§ PROMPT
Retype exactly the span of lines below from the one with "Pull de Noël" through the one with "Eine Weinbergschnecke und". Do not include pictures.

☆ ☆ ☆ ☆

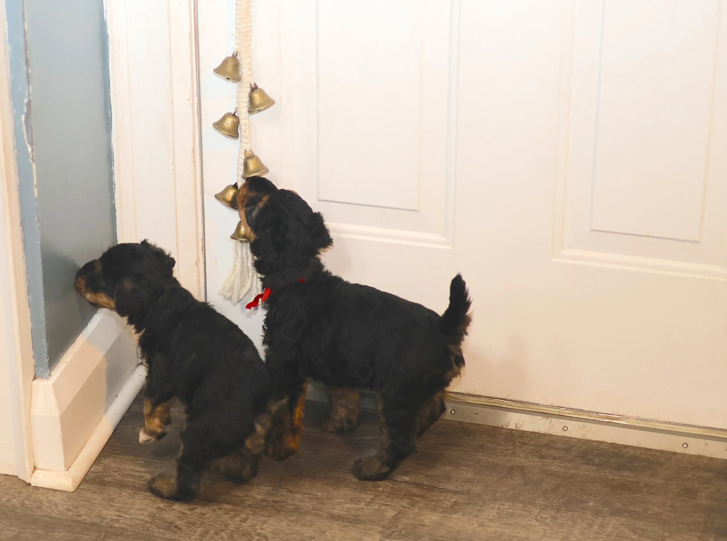 RING THE BELL TO GO OUT! Jan 11 Written By Chuck Stone The puppies are quckly learning to ring the bell on the outside door to ask to go outside. Chuck Stone
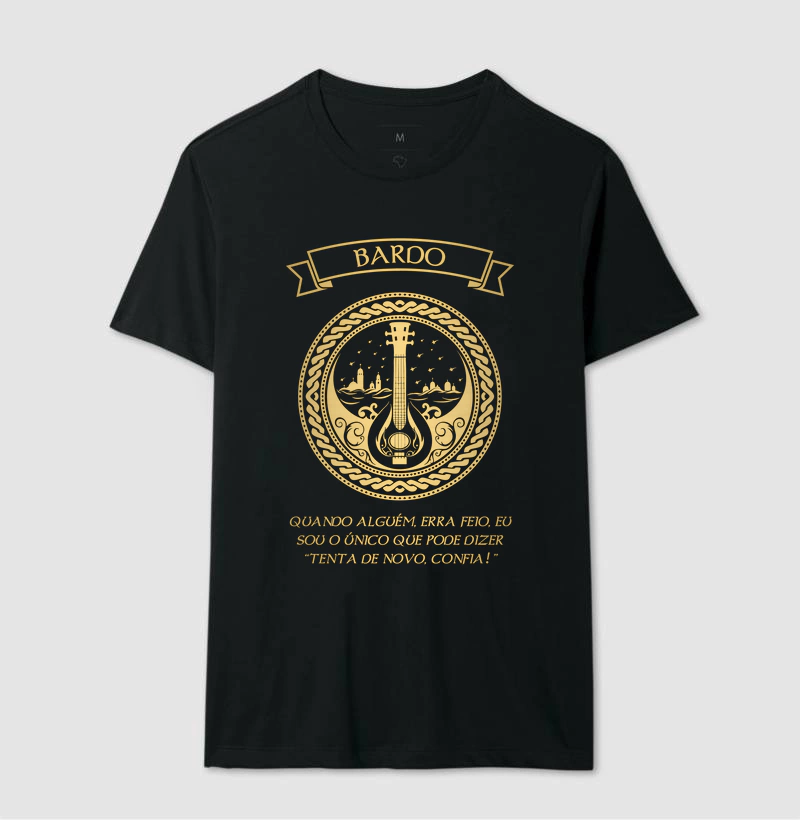 Encante, inspire e deixe sua marca em cada aventura com a estampa exclusiva da classe Bardo da Dragon Master! Perfeita para os mestres da palavra, da música e da magia, essa peça representa aqueles que transformam histórias em lendas e batalhas em espetáculos épicos.
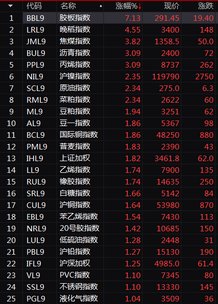 从期货市场的情况来看,更能看出价格变动对于股票市场的驱动。基本金属方面,沪铅涨逾1%,铅锭供应担忧上升;农产品方面,豆粕涨逾2%,库存偏低;能化品方面,聚丙烯涨逾3%,价格上涨;黑色系方面,焦煤涨逾4%,供需格局收紧;能源全线反弹,原油涨逾2%,液化石油气、低硫燃料油涨逾1%;贵金属方面,沪金、沪银均上涨。
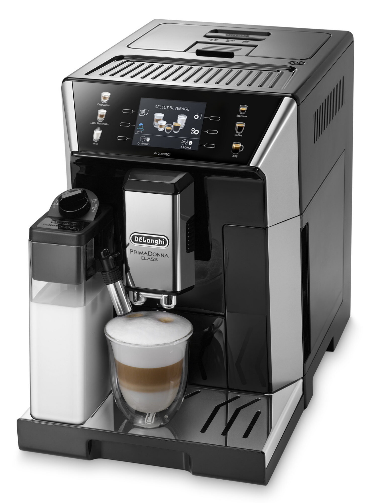Купить Кофемашина автоматическая зерновая DeLonghi PrimaDonna Class ECAM550.65. SB с авто капучинатором, приготовление 2 порций и сохранение рецептов, 13 рецептов, 13 степеней помола, металлик/черная с доставкой по всей России. Кофемашина автоматическая зерновая DeLonghi PrimaDonna Class ECAM550.65. SB с авто капучинатором, приготовление 2 порций и сохранение рецептов, 13 рецептов, 13 степеней помола, металлик/черная: сравнение цен, характеристики, фото, актуальное наличие и цены.
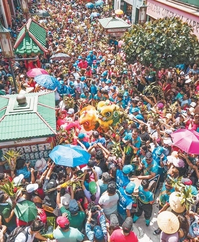 如今,舞龍舞獅已融入秘魯社會(huì)。每年中國春節(jié),醒獅團(tuán)都會(huì)在唐人街游行表演,喜慶的鑼鼓振奮人心,龍獅獻(xiàn)瑞帶來歡樂祥和。秘魯民眾走上街頭,手持他們稱為“中國竹子”的轉(zhuǎn)運(yùn)竹,簇?fù)碓邶埅{周圍,爭相看一看、摸一摸,希望沾上喜氣與幸運(yùn)——這已成為秘魯一大民俗。在秘魯人的婚禮上,舞獅已成為一種時(shí)尚。
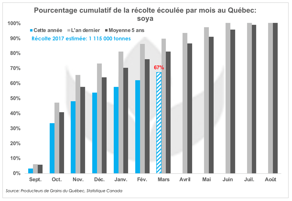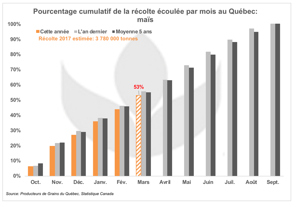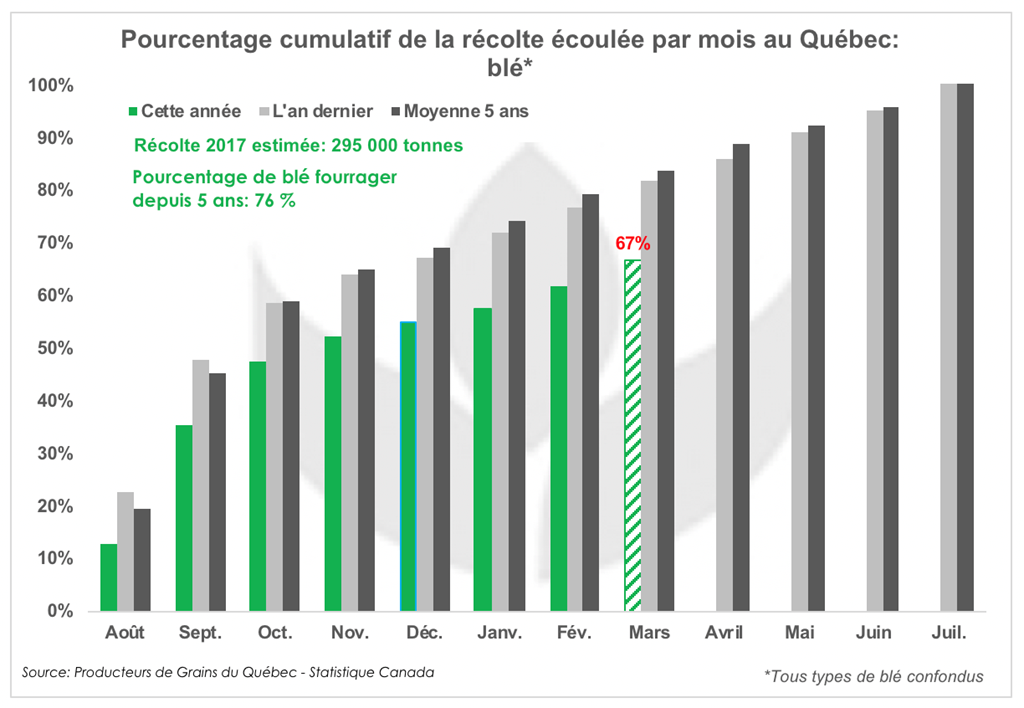 ** Les données présentées par Producteurs de Grains du Québec ne sont pas encore disponibles pour le mois de mars. Les estimations utilisées dans cette analyse tiennent compte de l’écoulement normal des stocks depuis 5 ans pour le mois de mars.
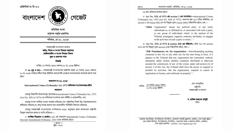 প্রকাশিত গেজেটে বলা হয়েছে, সংবিধানের ৯৩(১) অনুচ্ছেদে প্রদত্ত ক্ষমতাবলে রাষ্ট্রপতি আন্তর্জাতিক অপরাধ (ট্রাইব্যুনাল) (দ্বিতীয় সংশোধনী) অর্ডিন্যান্স, ২০২৫ প্রণয়ন ও জারি করেছেন।
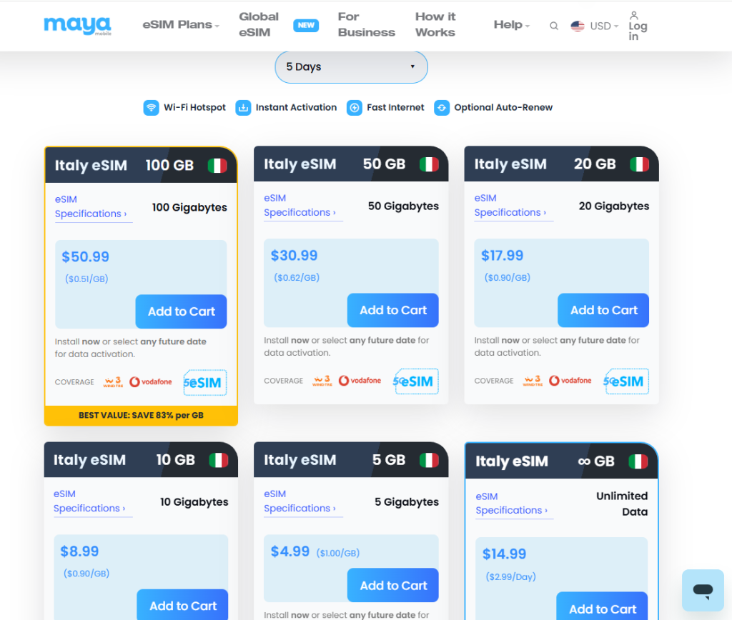 Maya’s Italy plans start around US $4.99 for 5 GB (5 days).
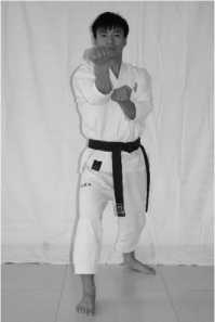 1 .The movement of feet: forward stride your right foot and in the basic posture
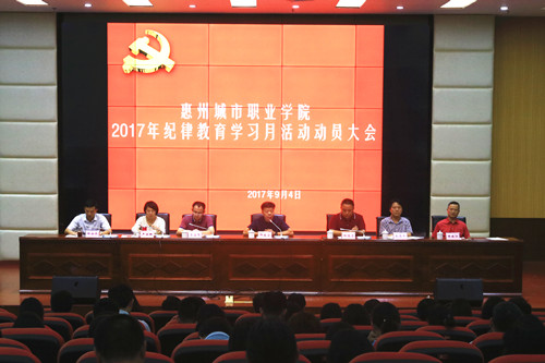 (宣传部 邓韵) 9月4日下午,我院在明德书院报告厅召开2017年纪律教育学习月活动动员大会。院党委书记、校长邓庆宁同志作动员讲话,院党委副书记、纪委书记田儒清同志对纪律教育学习月活动进行了部署。学院全体领导班子成员、全体党员、中层干部参加了会议,会议由田儒清同志主持。
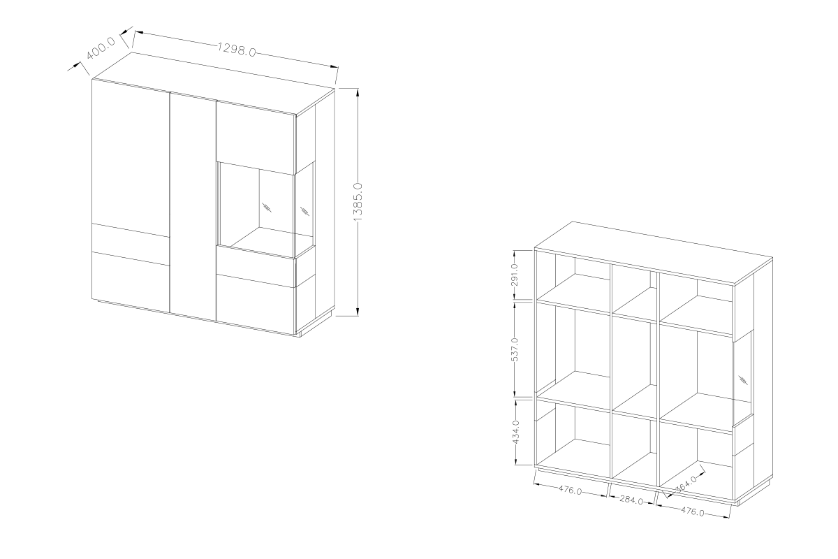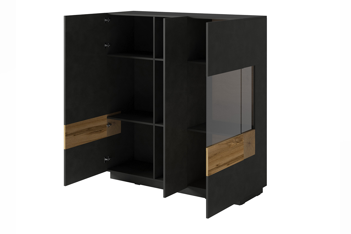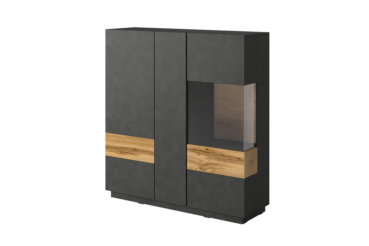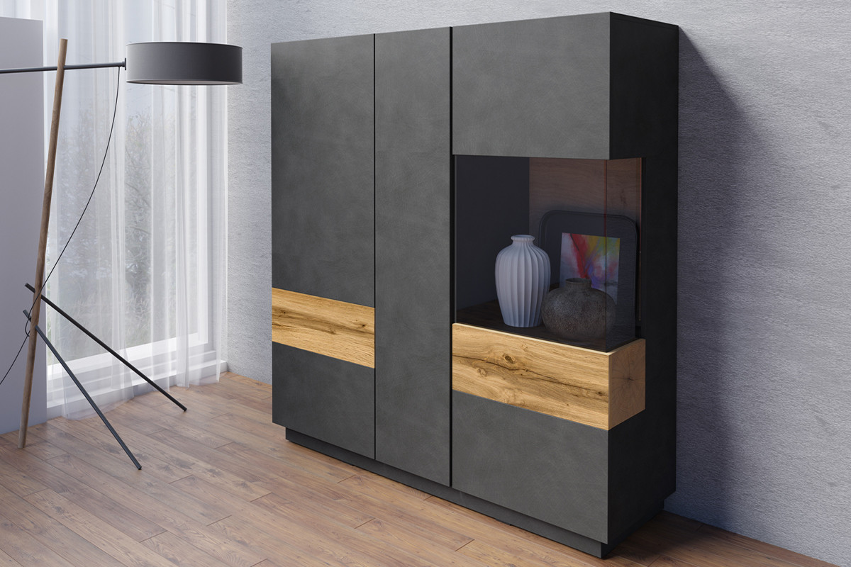 SILKE zobacz całą kolekcję Komoda z witryną - kolor antracytowy/dąb
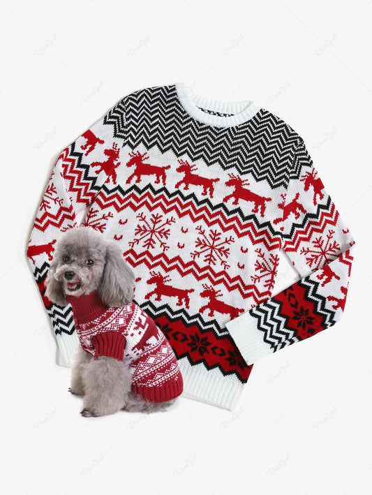 Pull de Noël à imprimé flocon de neige et élan pour chien et propriétaire, tenues assorties
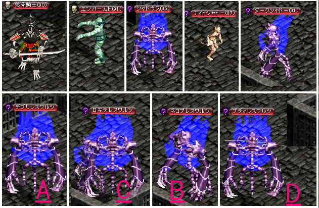 A⇒デブリレスワルツ / B⇒ネコプレスワルツ C⇒ロキテレスワルツ / D⇒プディレスワルツ |
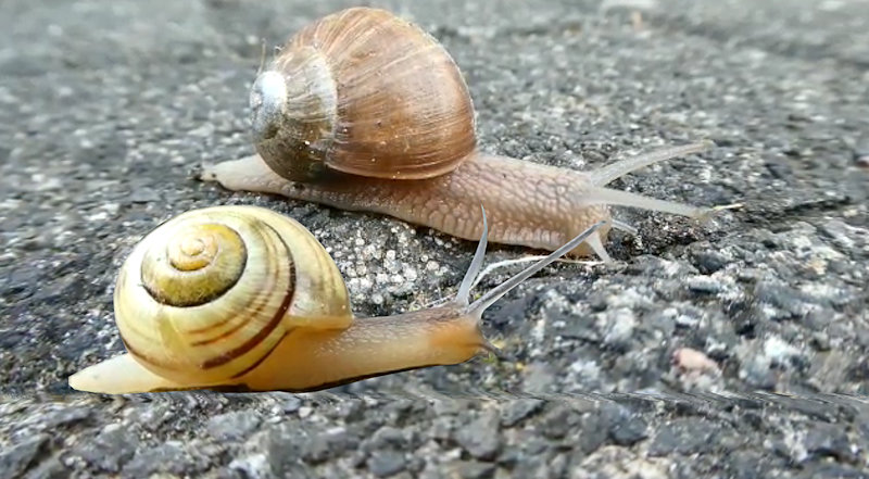 Eine Weinbergschnecke und eine Garten-Bänderschnecke nacheinander unterwegs zu unserem Vorgarten. Beide sind nützlich.
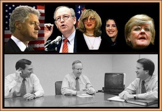 The picture above is a clear reflection of what incompetent people who hijack democracy to fulfill their own peculiar interests look like. Independent Counsel Kenneth Starr, center, talks with Deputy Independent Counsel John Bates, left, and aide Brett Kavanaugh, right, in the Office of the Solicitor General during the Whitewater Investigation on November 13, 1996. That partisan witchhunt eventually morphed into the failure to remove President Bill Clinton from office. Needless to say, it is now very clear that the partisan snipers who are responsible for impeaching Clinton have destroyed irony through the current hypocrisy of excusing Trump's multiple crimes, and in retrospect, that makes former President Clinton look like a saint compared to his lawless critics. Ken Starr has done a geat deal of damage to the interests of democracy. Why hasn't he been publicly shamed if not prosecuted for obstructing justice over and over and over again? Do people understand the fact that he was essentially the Rudy Giulani of the effort to destroy Bill Clinton. Thankfully, today people are more aware of the partisan hit squad tactics that are deployed in the name of destroying political opponents, and the current effort to destroy Joe Biden through the tactics of lunatics like Rudy Giuliani are falling on deaf ears. Sadly, even though Bill Clinton survived, the details of his impeachent have been oveshadowed by gossip and the fact that the attempt to remove him from office was absolutely inappropriate has been largely ignored. In particular, the 'Get Clinton Squad' met regularly at the home of former Justice Department official Ted Olson, a longtime close friend and associate of Kenneth Starr and of Olson's wife Barbara, who was chief counsel for Rep. Dan Burton's House Government Reform and Oversight Committee. Burton's hyperpartisan committee had been noisily conducting investigations of the 'Chinagate' allegations around Democratic Party campaign fundraising and of other alleged Clinton administration transgressions. The gatherings included: Whitewater prosecutor Kenneth Starr, Federal appeals court judge Laurence Silberman, former judge Robert Bork, Supreme Court associate justice Clarence Thomas, wall street journal editor Robert Bartley, American Spectator editor Emmett Tyrrell, and many other political, partisan snipers. A glimpse into the Starr/Olson cabal can be found in the July 1997 esquire magazine, in an article by David Brock, titled "Confessions of a Right-Wing Hit Man." Brock was the author of the Scaife-financed Troopergate article in the January 1994 American Spectator, on whose board Ted Olson sat. Brock described how he had been a guest at the wedding of Ted and Barbara Olson in the summer of 1996, where the entire anti-Clinton establishment was on hand, including Starr, former Bush White House Counsel C. Boyden Gray, and the Wall Street Journal's Bartley. Barbara Olson dis-invited Brock from another party at her home a few weeks later--after word had leaked out that Brock's new book was too sympathetic to the First Lady. The Olsons were the direct link between Starr and the Justice Department permanent bureaucracy around Jack Keeney and Mark Richard. Ted Olson played the central role in putting together Starr's staff and was responsible for the collection of career Justice Department prosecutors who were recruited to Starr's operation. Since Starr himself is not a prosecutor and has never tried a criminal case in his life, he was totally dependent on the thugs whom Olson was responsible for bringing on board. Olson was also the link between Starr and Paula Jones's attorneys. Olson and Robert Bork played judges in a "moot court" practice session with Jones's lawyers before they argued the Jones v. Clinton case. The practice session was held at the Army-Navy Club in Washington. There is also a tie-in to Linda Tripp ...she met with Paul Jones's lawyers on the evening before they took President Clinton's deposition. Tripp briefed Jones's lawyers on her conversations with Monica Lewinsky, which were electronically monitored by the FBI under the direction of Starr's office. Tripp's lawyer James Moody, who was hired to put Tripp in contact with Starr, is in the orbit of the rigfht-wing "public interest law firms" tied to Olson and Starr, and which were funded by Scaife. Moody had done legal work for both the Landmark Legal Foundation and for the Washington Legal Foundation--previously known as the Capital Legal Foundation. Olson and Starr are both part of a tight network of lawyers who work in "conservative" legal foundatons and other organizations. They both sat on the Legal Advisory Council of two such groups; the National Legal Center for the Public Interest and the Washington Legal Foundation--both of which were bankrolled by Scaife. The politically motivated hit squad that tageted Clinton was essentially lawless, and instead of holding them accountable, especially Kenneth Starr and Ted Olson, they continued to obstruct justice and essentially stole the election in 2000 through a stacked, Supreme Court. Thankfully, the Americn people were the real jury of Clinton's politically motivated impeachment; 66% of the American people wanted the impeachment stopped, and those who did not should have been shamed and/or prosecuted for obstuction of justice. On August 20 1998, in an article titled 'Choreogaphy', I wrote, "Monica Lewinsky is scheduled to testify before Starr's grand jury today -yawn, yawn. The media is going to cover it as if Lewinsky is going to be cross-examined or expose anything beyond Starr's script. Who told us and when did we find out? After Lewinsky's last appearance before the grand jury, Jonah Goldberg said that Lewinsky would be called back to testify after Clinton had provided his testimony before the grand jury. How convenient. The Goldbergs have also said that Bruce Lindsey and Vernon Jordan are the probable sources of the "talking points". Monica Lewinsky, it is wi
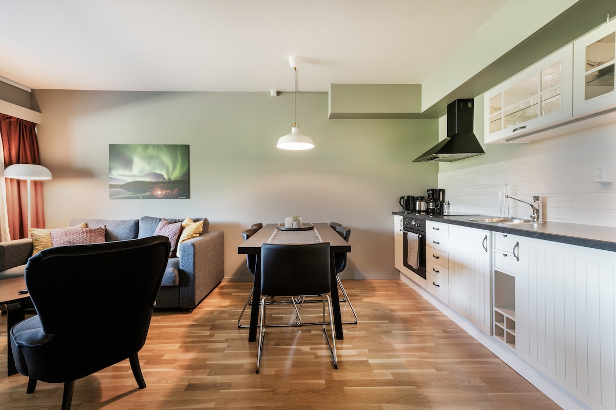 Apartamento moderno en el corazón de Trondheim con excelentes conexiones de autobús y una cafetería/panadería de primera categoría justo abajo.
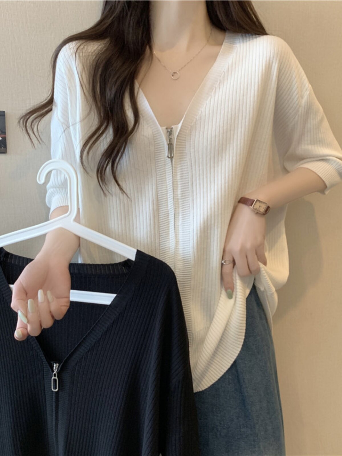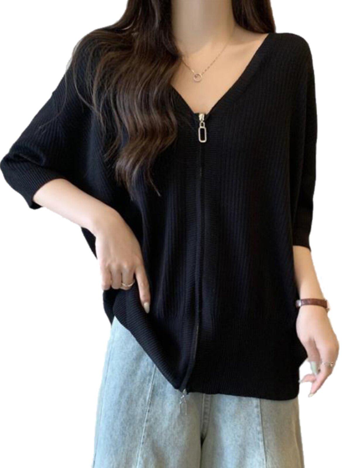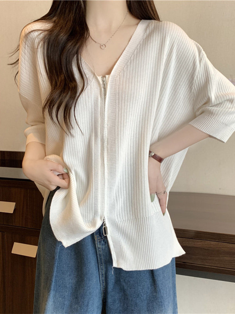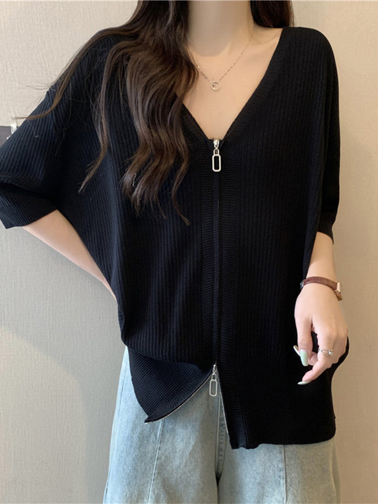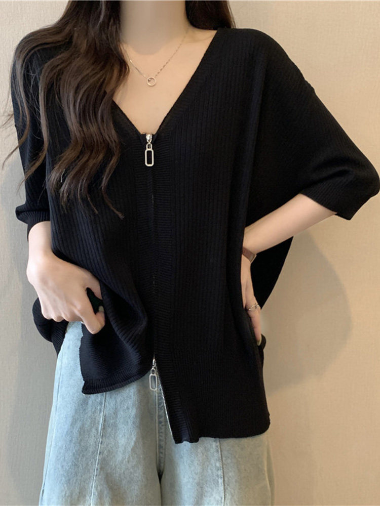 Летний трикотажный свитер, футболка с коротким рукавом, большой размер, V-образный вырез, высокий воротник

☆ ☆ ☆ ☆

§ TASK ANSWER
 Pull de Noël à imprimé flocon de neige et élan pour chien et propriétaire, tenues assorties
 A⇒デブリレスワルツ / B⇒ネコプレスワルツ C⇒ロキテレスワルツ / D⇒プディレスワルツ |
 Eine Weinbergschnecke und eine Garten-Bänderschnecke nacheinander unterwegs zu unserem Vorgarten. Beide sind nützlich.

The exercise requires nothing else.